This is explained by Copernicus, who largely confirms that the circulation of the Gulf Stream rising towards the North Atlantic is at its weakest point for at least the past thousand years.
Sea surface temperature is a fundamental variable that is used to define and predict the complex interactions between the ocean and the atmosphere. The image shows the sea surface temperature in the North Atlantic Ocean, as measured by the marine environment monitoring service for the European Copernicus remote sensing program. Data refer to March 8, 2021.
In combination with other ocean parameters, sea surface temperature is used to map the history of the Gulf Stream, as well as, from a broader and more complex perspective, the deep currents circulation system with which it interacts, which extends to the whole planet. We are also referring to the circulation of the Atlantic Ocean, whose abbreviation is AMOC.
The thermohaline circulation, also known as the Great Conveyance Belt, extends all over the planet, from the Atlantic Ocean to the Pacific Ocean, and vice versa.
AMOC is one of the major ocean circulation systems that distribute heat, which has a major impact on our planet’s climate.
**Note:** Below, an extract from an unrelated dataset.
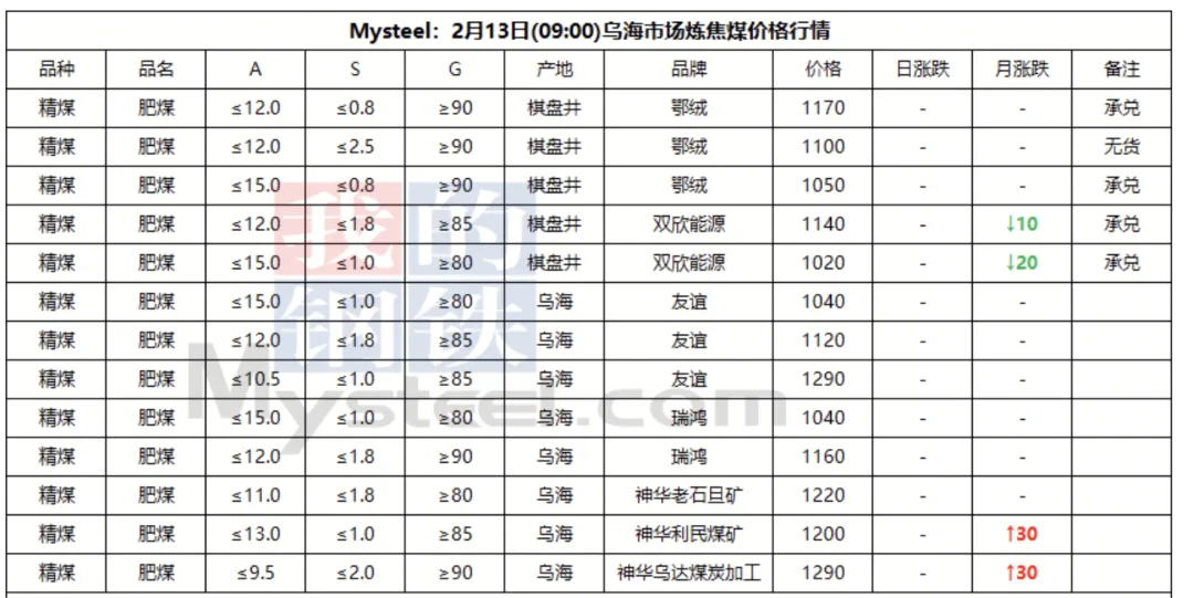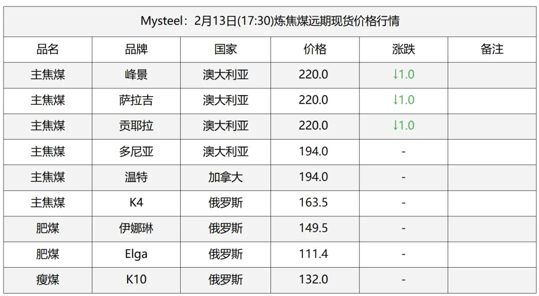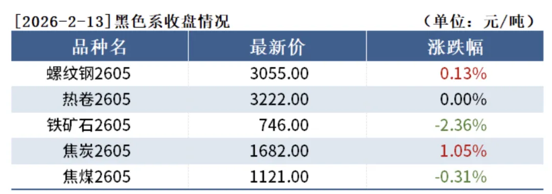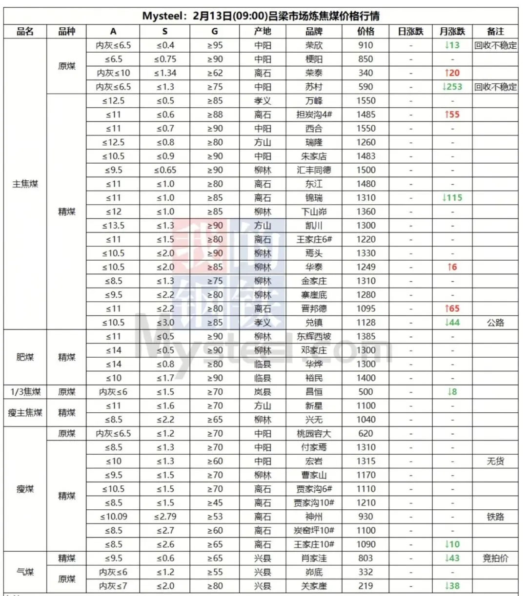 13日吕梁市场炼焦煤价格震荡运行。随着春节临近,主产区煤矿陆续进入放假阶段,煤炭供应呈现阶段性收紧。与此同时,焦钢企业冬储补库接近完成,市场交投氛围逐步转淡。尽管近期下游新增采购订单减少,但由于煤矿停产在即,焦企仍积极提运前期订单,带动坑口库存小幅去化。本周以来,部分煤矿已开始停产放假,炼焦煤产量出现回落。需求方面,目前多数焦企生产节奏总体保持平稳。钢厂方面,由于今年钢材销售整体偏弱,叠加铁水产量增长空间有限,预计后期五大钢材总产量难以显著提升,供给端回升压力不大。随着春节临近,钢材基本面走弱压力或将进一步显现;但短期内,受商品共振及宏观情绪支撑,钢价短期内或呈现震荡运行。

A recent study published in Nature Geoscience shows that AMOC activity has fallen to its lowest historical levels, due to the impacts of climate change.
However, there are significant changes in the transport of warm waters by ocean currents in Europe. This could aid in the formation of extratropical oceanic cyclones. Indeed, an increase in the intensity of ocean storms, as well as irregularities, has been reported in the past.
This year, strong hurricanes occurred in the North Atlantic at the height of summer, representing a phenomenon of exceptional size.
The impact on Earth’s climate resulting from the weakening of the Gulf Stream, as well as the complex circulation system of AMOC, such as thermohaline circulation, is the goal of climate projection by mathematical models.
They have repeatedly declared the cold of European winter. But on the other hand, we have a general global warming phenomenon that changes the consequences, with expectations already complicated in their own right, and getting unsatisfactory results like reliability.
Will it get cooler next winter? Will they be more snow? Perhaps the most extreme of all, this is the theory that many scientists tend to believe as much as possible.
Certainly, we observe a significant imbalance in European winters that we have not seen before since the presence of data on weather data.